I’m not sure about you, but over the past year or so, I’ve often found my mood swinging wildly from one extreme to the other in a matter of minutes. 

Meeting daily, weekly and monthly goals that used to psyche me up are now just an ehhhh, whatever achievement. 

Positive moments in my life don’t feel quite as positive as they used to. 

It’s like I’ve placed a wet blanket over my endorphins and that’s thrown an unweildy monkey wrench in the positive mindset machinery.

It’s gotten to the point that I’m frustrated with my frustration.  

As a result, I began to challenge these ho-hum thoughts.

  • Why am I feeling so off all the time?

  • Why are the highs not as high right now?

  • How can I course correct and get back on track?

Well, the moment I began to challenge my recent melancholy disposition, I realized that there is a very good - and obvious - explanation for all of this:

Oh yeah, lest I forget, there’s still a fucking pandemic raging in this country with people dying all over the place, the community that I serve has been ravaged and are still trying to figure their shit out, my city is still fucked up with a bunch of businesses still closed, our government is...working out some things, and I’m alone most of the time talking to my money tree…
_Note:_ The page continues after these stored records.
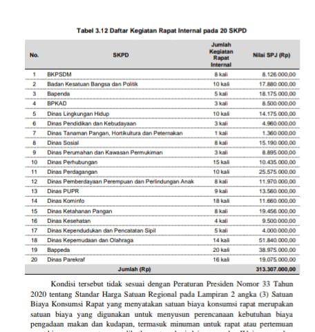 Hasil pemeriksaan atas dokumen pertanggungjawaban belanja makan minum TA 2023 menunjukkan terdapat 20 SKPD yang merealisasikan biaya konsumsi rapat
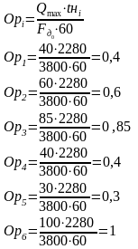 O i – принятое количество единиц оборудования, занятого выполняемой i- ой операции;
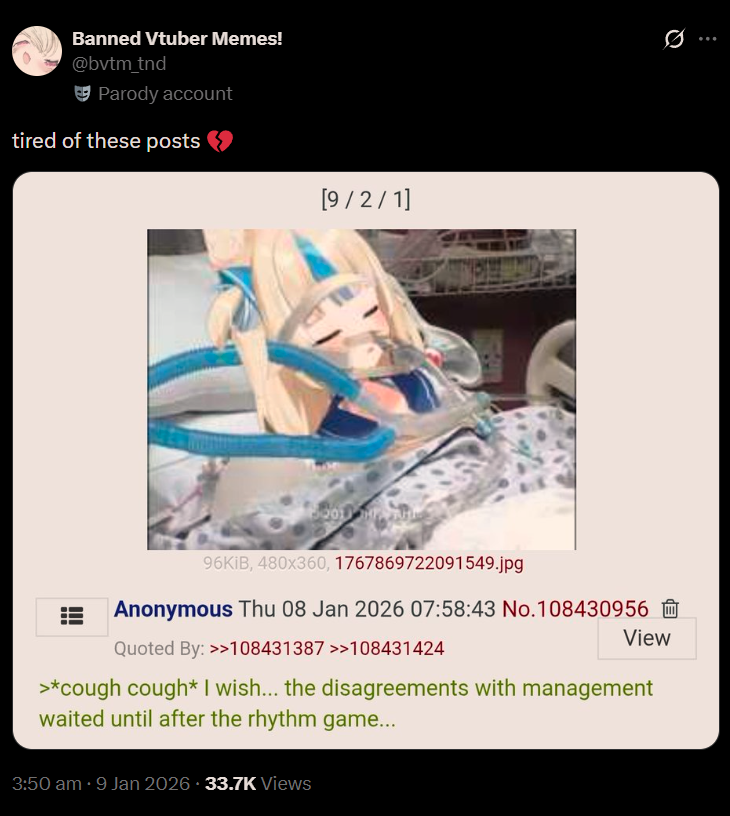 >>108449593It's deforming, every month that passes it takes on a more gross and bloated form.But at the same time it's not working anymore, NijiEN is getting pumped up day after day hour after hour and they can barely get to 1000.
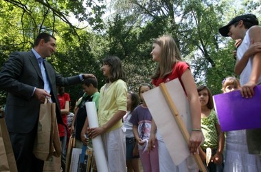 Београд, 12. јун 2009. године – Министар животне средине и просторног планирања у Влади Републике Србије Оливер Дулић посетио је данас Основну школу "Ђура Јакшић" на Канаревом брду, где је доделио поклоне и награде победницима такмичења основних школа у уређењу школских дворишта.
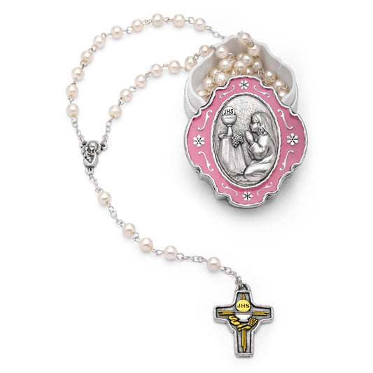 Portarosario Smaltato Rosa Della Prima Comunione Con Rosario Con Grani in Perla
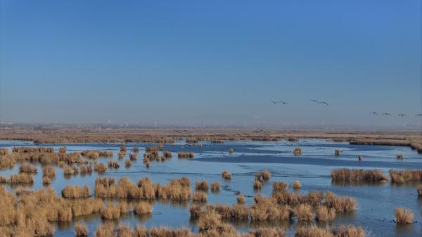 往年10月底便南迁的候鸟们,今年一直逗留到11月下旬。大雁、灰鹤、天鹅等,万鸟齐飞,此起彼伏,起落滩涂间,如乐章般在湿地间奏响。
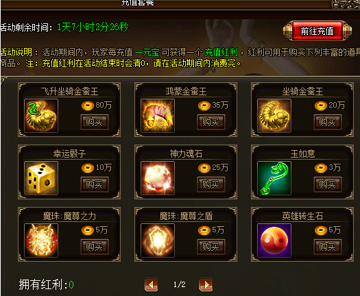 活动详情:活动期间,玩家每充值一元宝可获得一个充值红利,红利可用于购买活动中的丰富道具商品。注意:充值红利在活动结束后清零,请在活动期间内消费完哦。
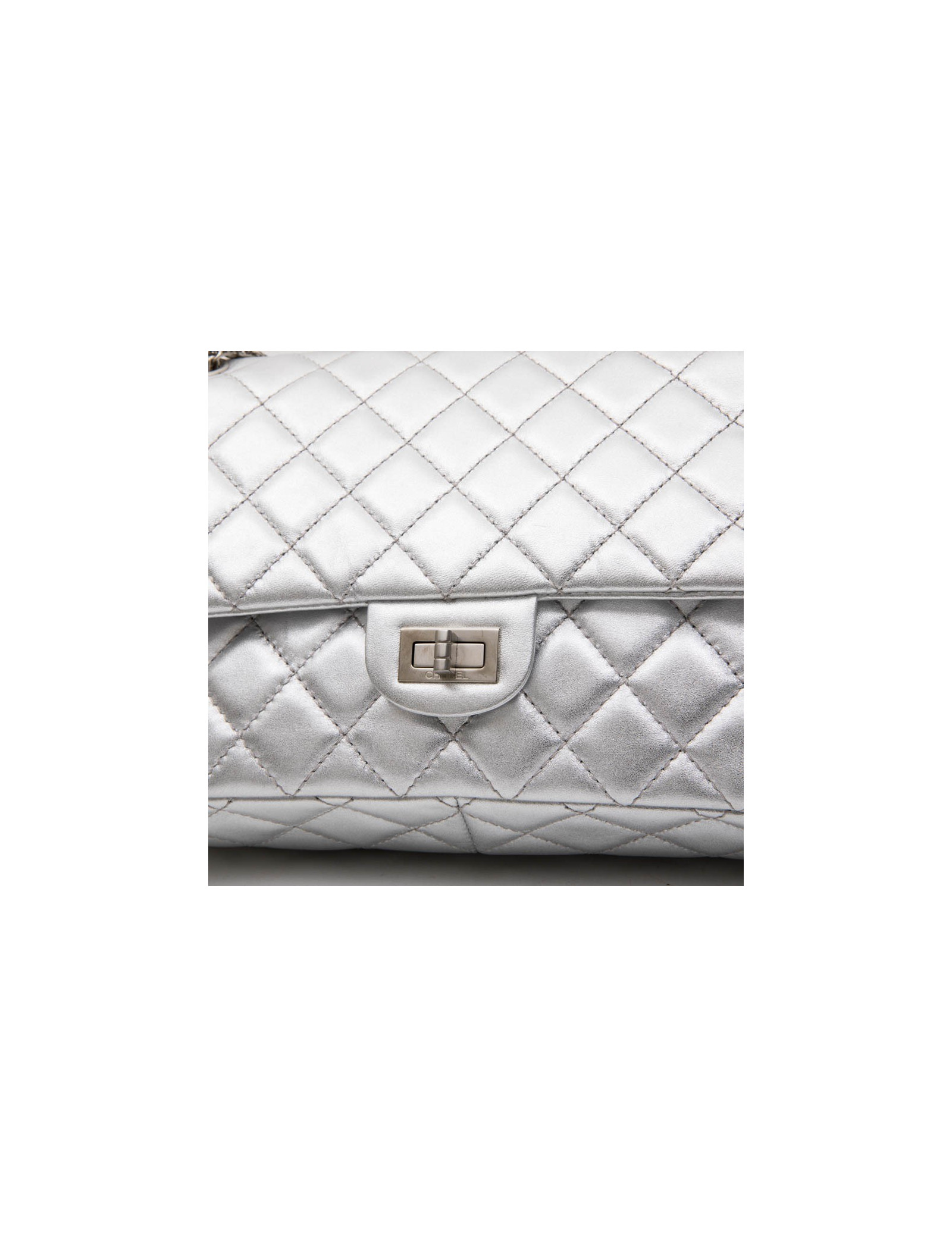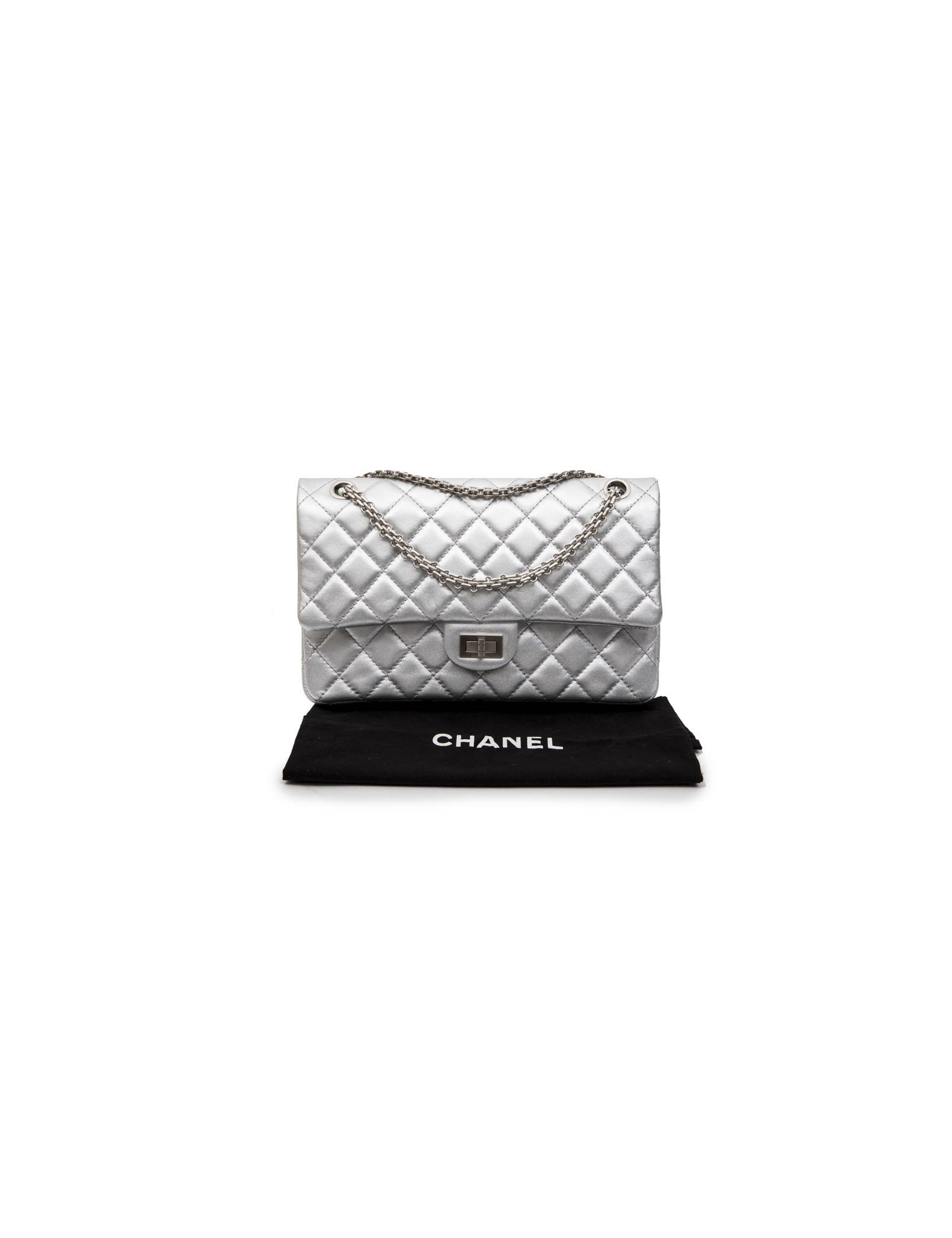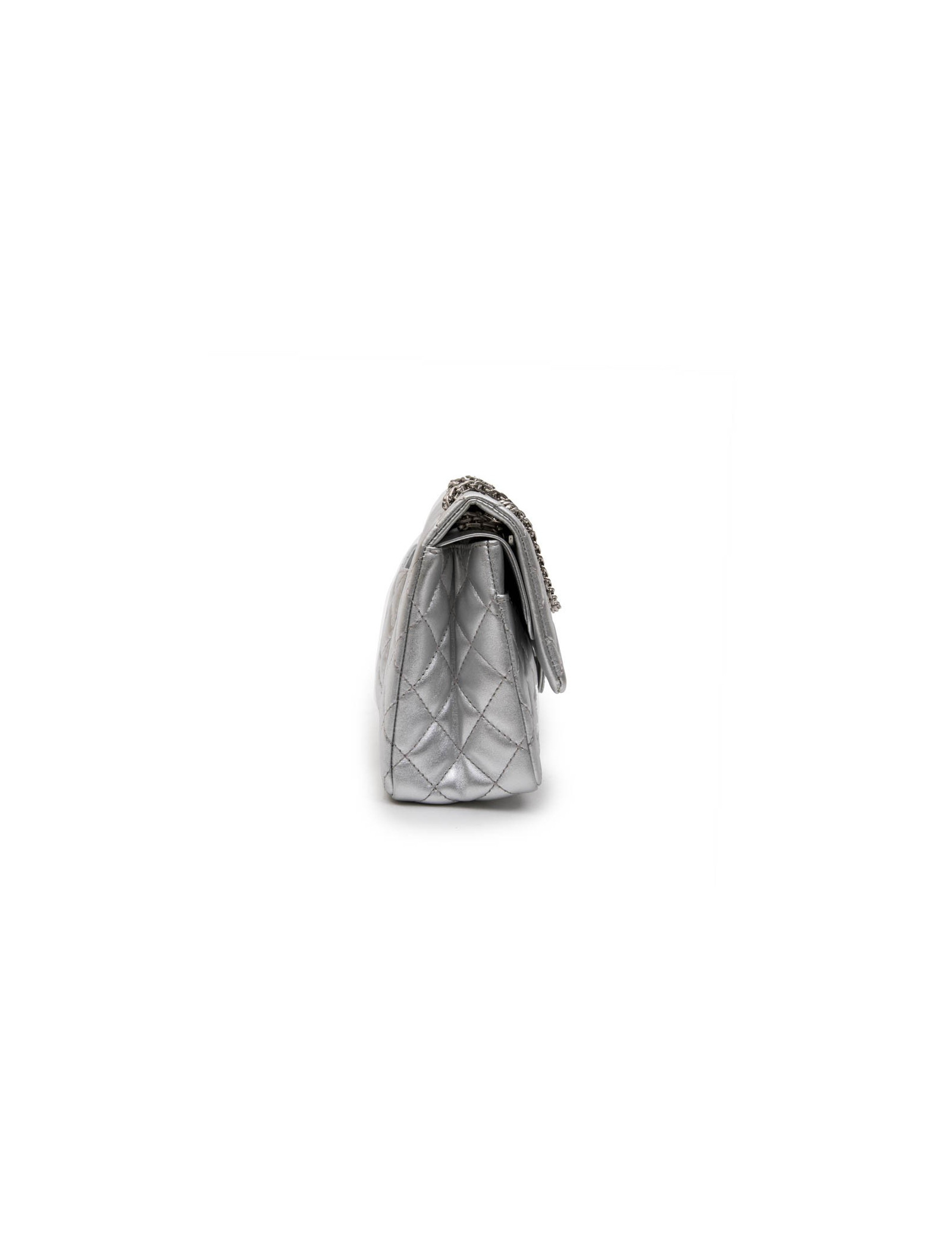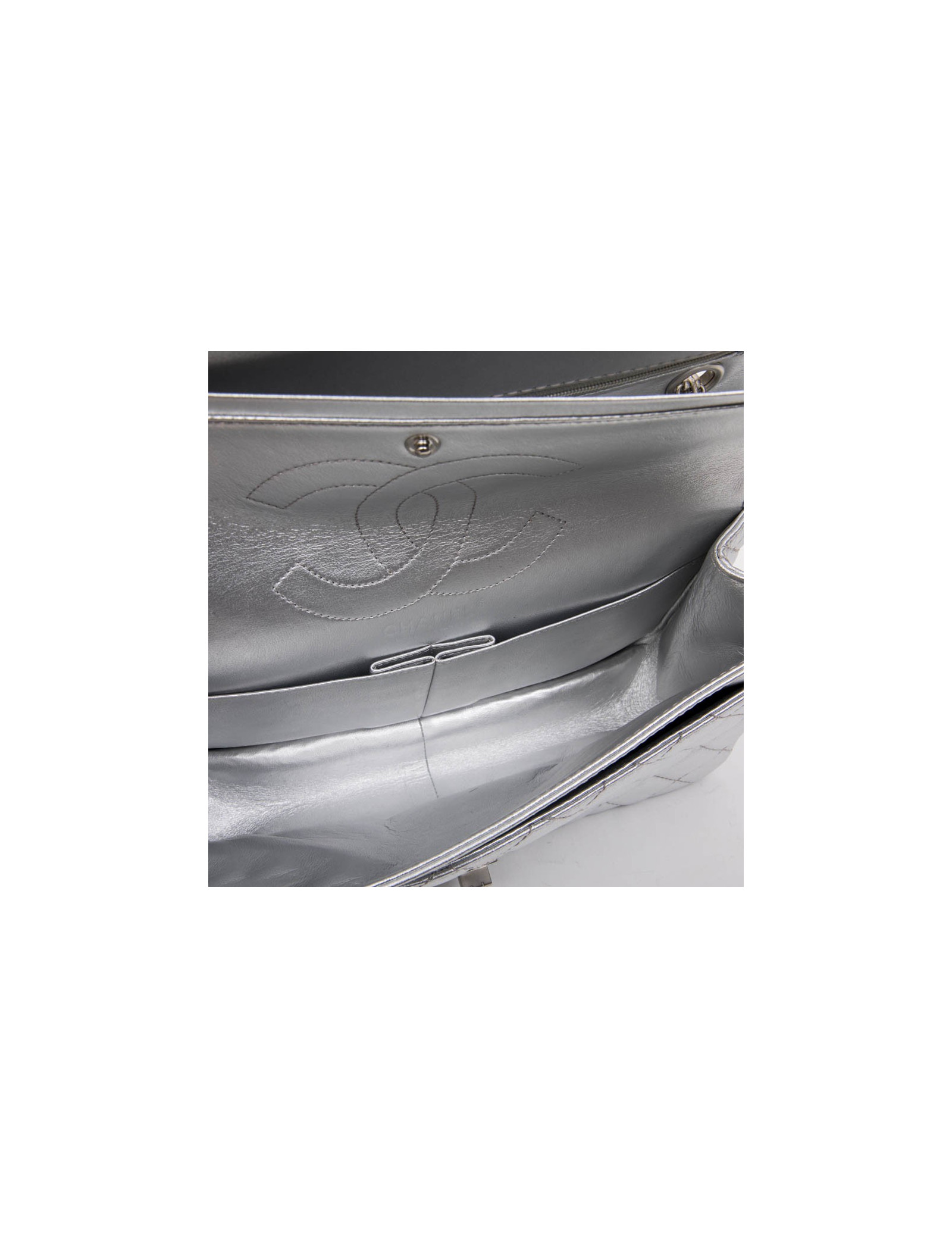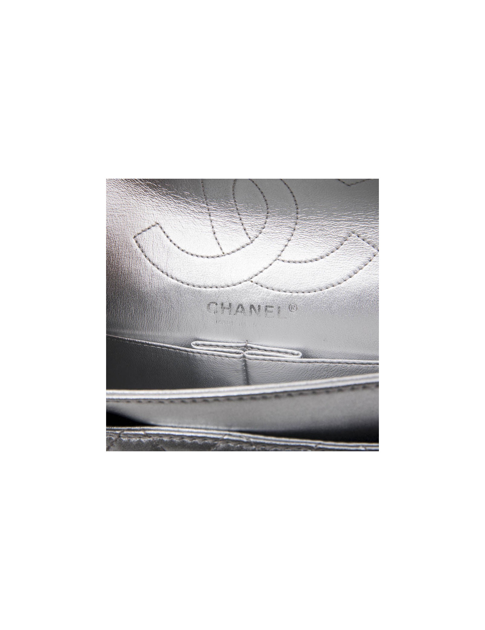 Chanel 'Timeless' double flap bag in silver quilted leather. Clasp 2.55. Matt silver hardware. The interior is fully lined in silver leather. Made in France.

...and these issues have been on an endless loop for almost a year. 

Ah, right. 

Once I reminded myself that the world is still not right, I decided to offer myself an emotional tourniquet:

Compassion 

Eventually, as I became more aware of these mood changes, I changed the conversation in my head from one of anger, anxiety, and loneliness to one where I had to remind myself that there is a lot of uncertainty in the air and that it’s okay to be upset.

In that moment, I gave myself the permission to be human and feel all the feelings. 

I also cut myself some slack and stopped judging myself for how high the level of frustration has gotten. 

And I told myself that I will have this very conversation with myself every single time the anger and loneliness demons bubble up to the surface. 

Am I 100% back to feeling more grounded and present every single time, instantly? 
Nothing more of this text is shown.